Read the notes and try to complete each of the exercises without looking at the sample answer. If you cannot complete an exercise using a few short commands then read the sample answer, practice it, and make sure you understand it before continuing.
First make sure you understand the important topics from the previous two weeks. Click on this link to review what you should already know:
In the notes below, follow along by typing all the commands shown in bold.

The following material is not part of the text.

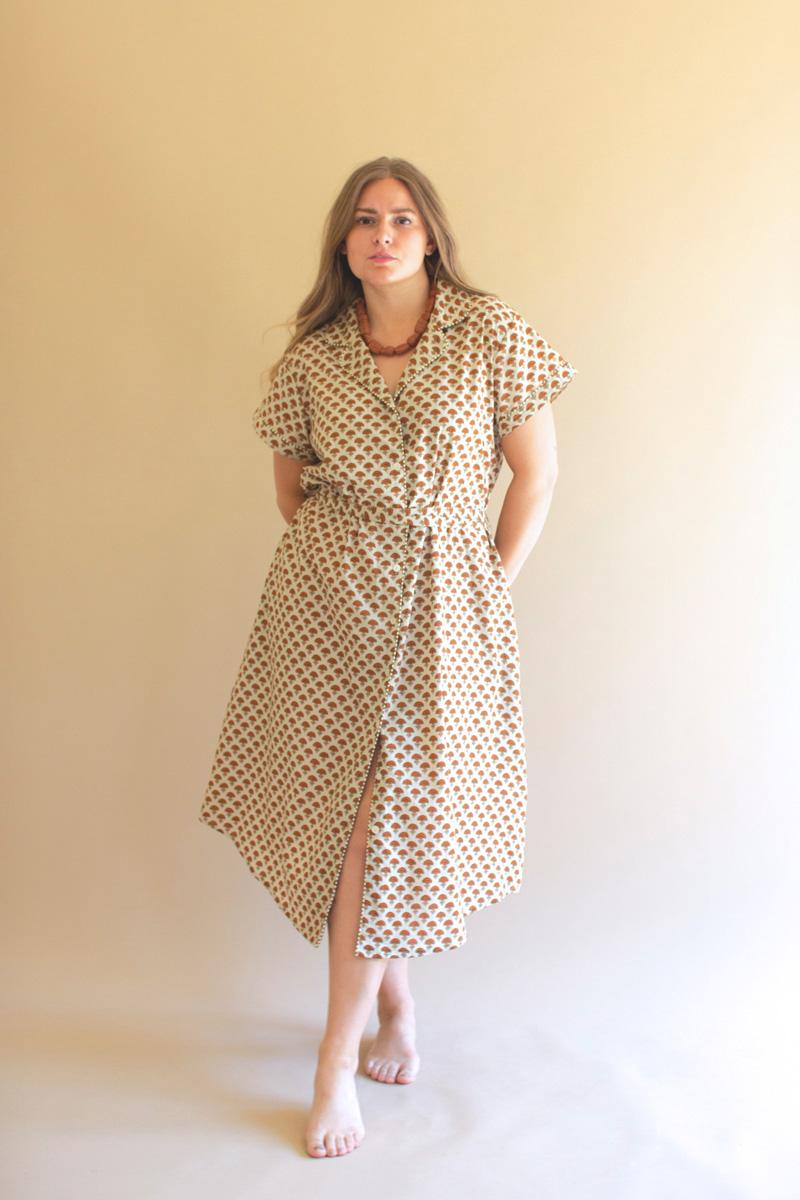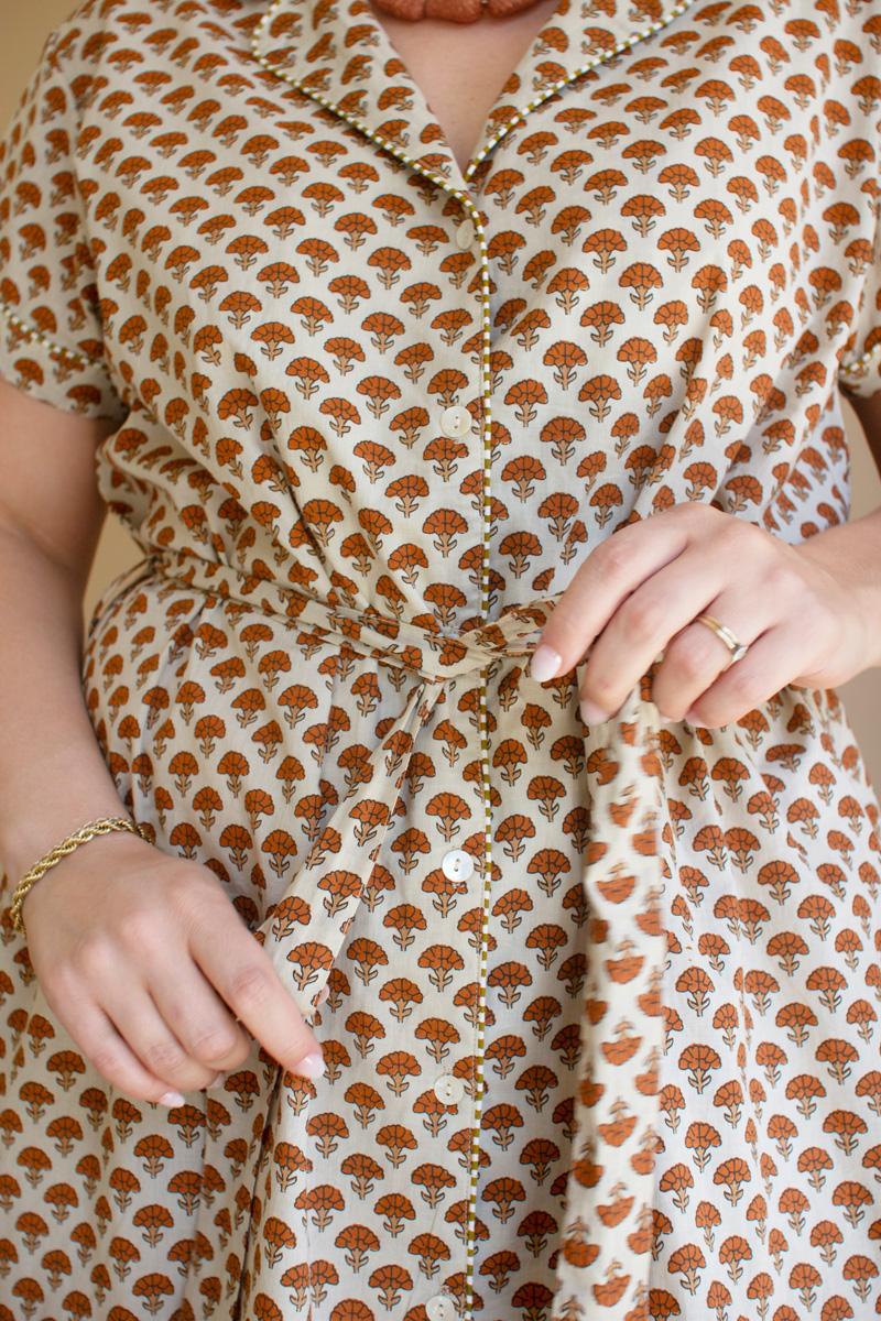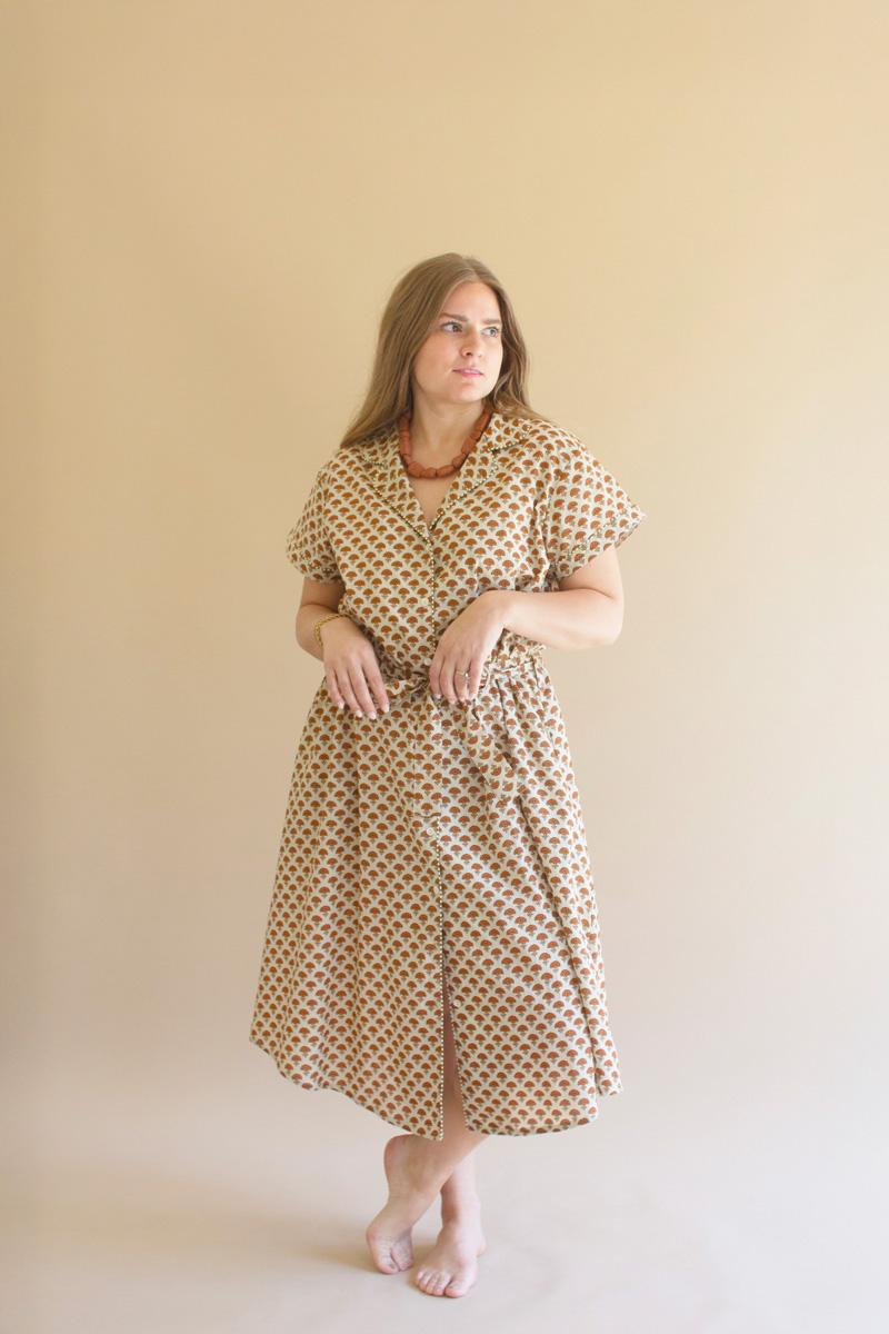 Short Sleeve Printed Buttondown Dress With Trim Brown Osfm (Pack Of 3)

Check the the output from your commands is similar to the output shown here.
Download the file planets.tar
from the course web site.
$ cd $ curl -O https://kuas.org/tmp/planets.tar % Total % Received % Xferd Average Speed Time Time Time Current Dload Upload Total Spent Left Speed 100 20480 100 20480 0 0 485k 0 --:--:-- --:--:-- --:--:-- 487k
The file is a 'tar' archive.
Unpack the archive using the tar
command with options
-x
to extract an archive,
-v
to be verbose about each file extracted, and
-f
to give the archive filename on the command line.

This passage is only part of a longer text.